**PROBLEM:** Output the lines of the entries below beginning at the one with "Ein geschreinerter ausziehbarer" and ending with the last, exactly as written and without pictures.

[Data items]
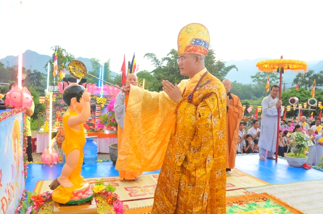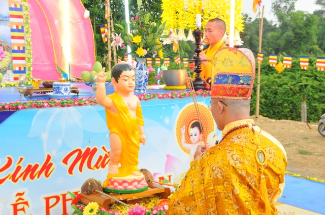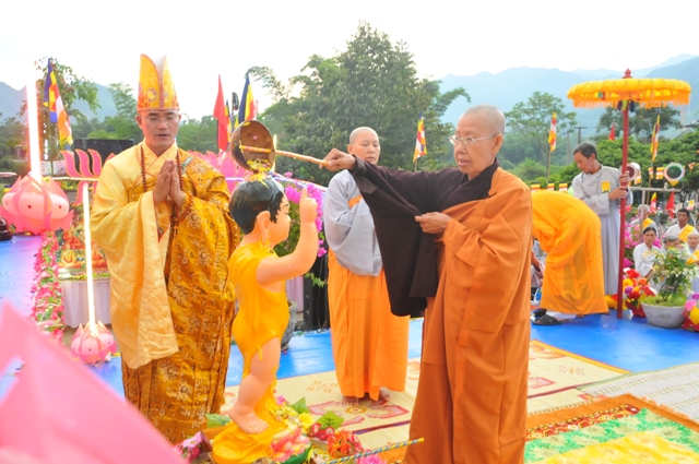 Lễ tắm Phật là một phần nghi lễ quan trọng không thể thiếu trong Đại lễ Phật đản. Tương truyền, khi Đức Phật ra đời, có chín con rồng phun hai nguồn nước nóng lạnh rưới lên kim thân Đức Phật. Nước được dùng để tắm Phật là nước Bát công đức có công năng kỳ diệu tẩy sạch thân nghiệp chướng ô uế, rửa sạch tâm phiền não trần lao của chúng sanh.
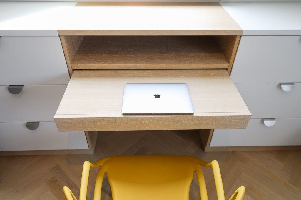 Ein geschreinerter ausziehbarer Tisch mit Stromanschluss unter einem Fenster bietet praktische Arbeitsmöglichkeiten auch für längere Zeiten.
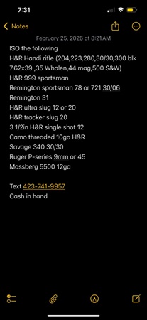 H&R Topper Jr. 20 gauge 3" chamber. Modified choke. Been cerakoted cost $100.Text or call number. No trades. Local cash sale and pickup in butler tn area. $175.00 Posted by: CB0602on 2/28/2026Edited: 2/28/2026
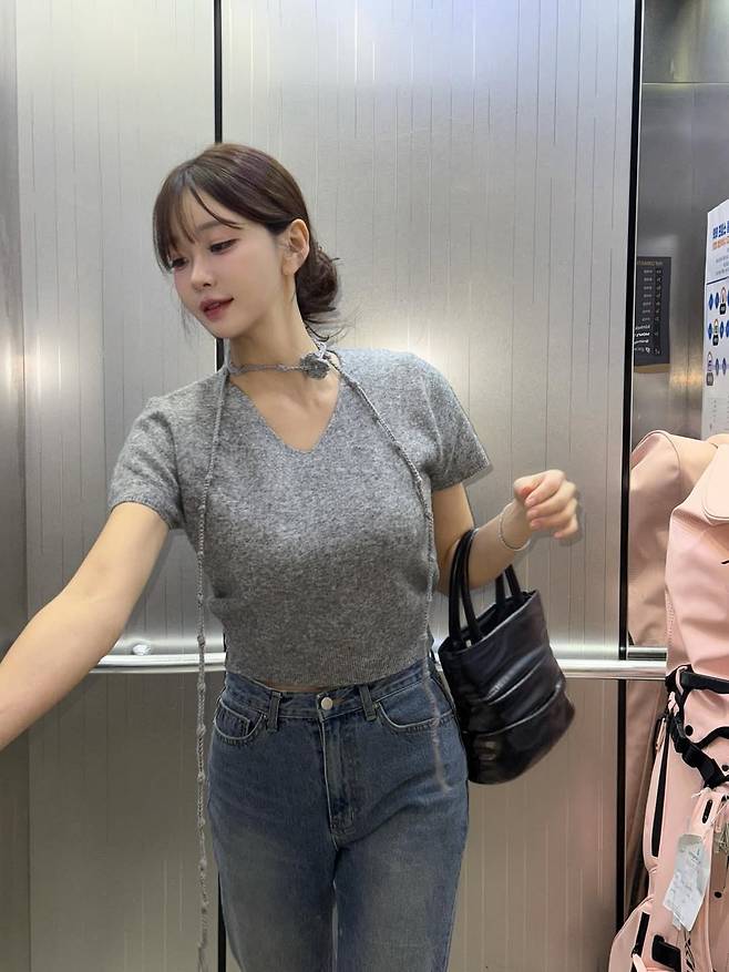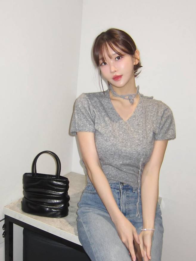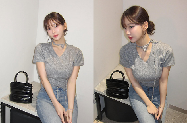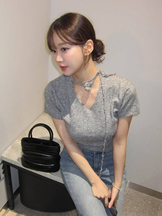 사진 속 김윤희는 몸에 붙는 회색 니트 상의에 연청 데님 팬츠를 매치하여 편안하면서도 여성스러운 데이트룩을 선보였습니다.
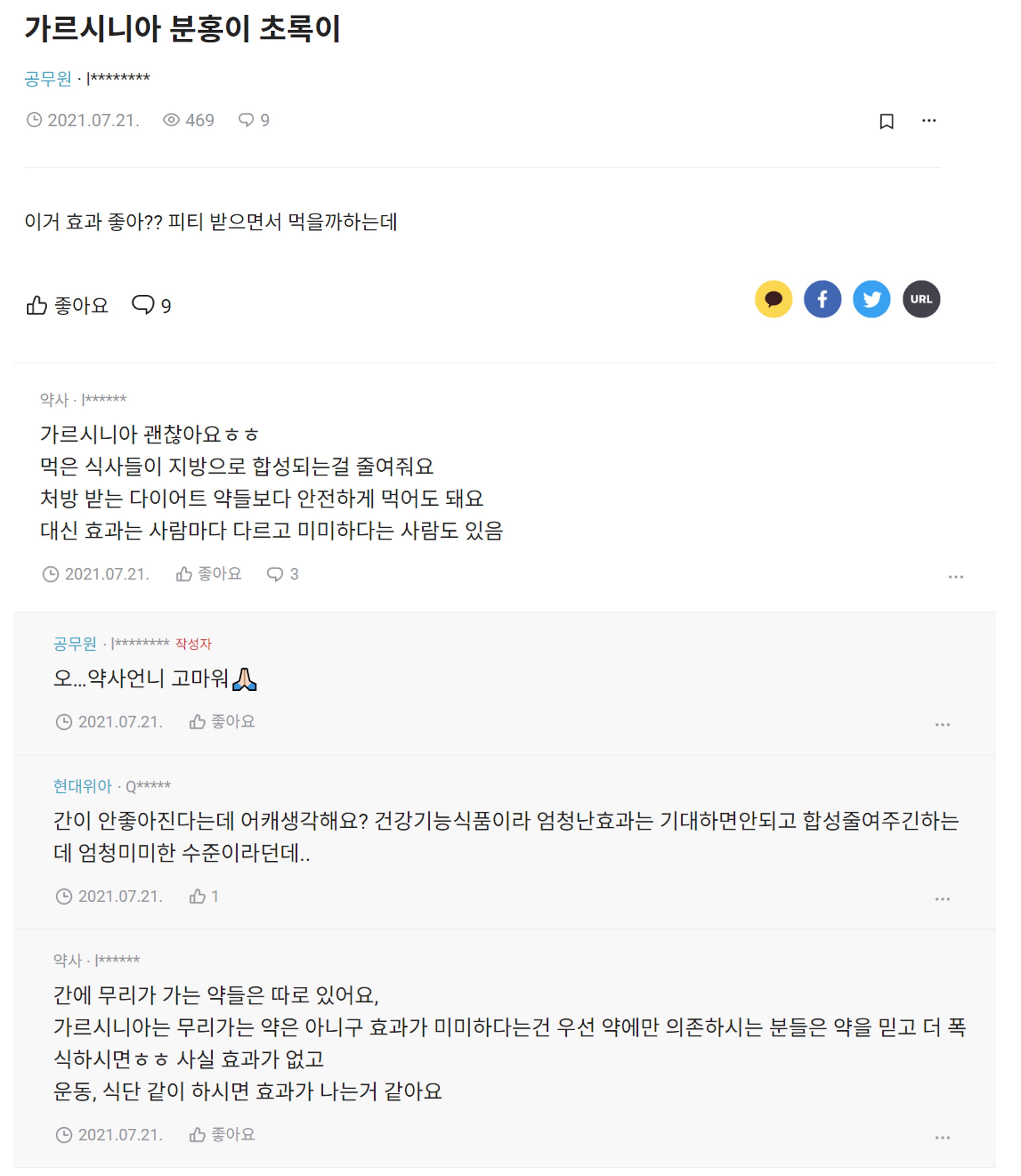 약사가 단 댓글을 보면 분홍이에 함유된 가르시니아가 간에 무리를 주지 않는다고 합니다. 그리고 긍정적인 후기로는 운동과 식단을 같이 하면 효과를 보았다고 하며. 화장실을 잘 가서 좋다는 평이 있습니다.
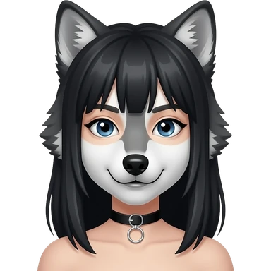 wolf boy black hair human face asian feminine add black collar pale skin emoji
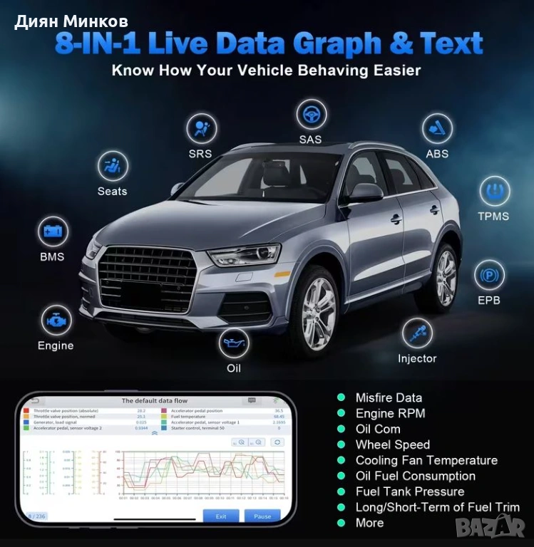 Автомобилна диагностика Xtool Anyscan A30M

**TASK OUTPUT:**
 Ein geschreinerter ausziehbarer Tisch mit Stromanschluss unter einem Fenster bietet praktische Arbeitsmöglichkeiten auch für längere Zeiten.
 H&R Topper Jr. 20 gauge 3" chamber. Modified choke. Been cerakoted cost $100.Text or call number. No trades. Local cash sale and pickup in butler tn area. $175.00 Posted by: CB0602on 2/28/2026Edited: 2/28/2026
 사진 속 김윤희는 몸에 붙는 회색 니트 상의에 연청 데님 팬츠를 매치하여 편안하면서도 여성스러운 데이트룩을 선보였습니다.
 약사가 단 댓글을 보면 분홍이에 함유된 가르시니아가 간에 무리를 주지 않는다고 합니다. 그리고 긍정적인 후기로는 운동과 식단을 같이 하면 효과를 보았다고 하며. 화장실을 잘 가서 좋다는 평이 있습니다.
 wolf boy black hair human face asian feminine add black collar pale skin emoji
 Автомобилна диагностика Xtool Anyscan A30M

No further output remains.